Голодный желудок тоже дал о себе знать.

— Если подумать, — рассуждал он вслух, — в Гусу же есть куча кроликов…

И стоило ему представить запах жареного кроличьего мяса, а бедным животным от предчувствия чего-то по-вэй-усяновски подлого попрятаться по своим норкам, как в дверь осторожно постучали.

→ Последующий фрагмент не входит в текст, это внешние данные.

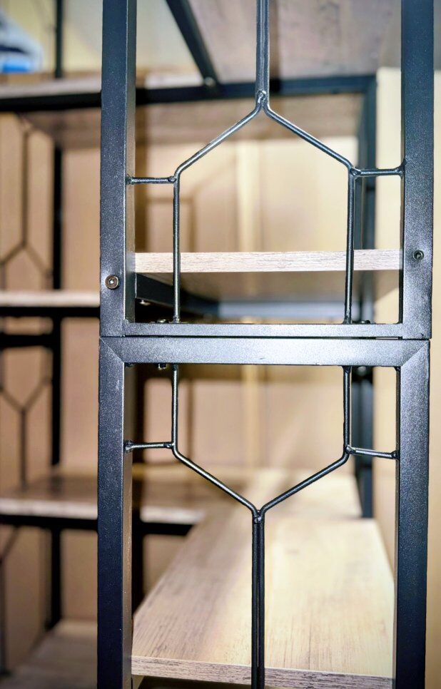 Condition: Brand new — already assembled and ready to place Style: Industrial / modern farmhouse Color: Rustic wood shelves with black metal frame

Мысли одна за другой лихорадочно сменялись в голове: Вэй Усянь — мастер придумывать всяческие отговорки, но что делать в данном случае, он совершенно не знал. Да и разве он мог оправдать такое явление, как кровавый круг призыва в покоях девушки из Ордена, который дышит правилами и по венам которого течет презрение к сторонникам Темного Пути? Наилучшим выходом будет сделать вид, что у девчушки помутился рассудок.

— Сестра! Моя дорогая младшая сестра!

Однако вошедшая, казалось, вовсе не собиралась сдавать его старику Ланю.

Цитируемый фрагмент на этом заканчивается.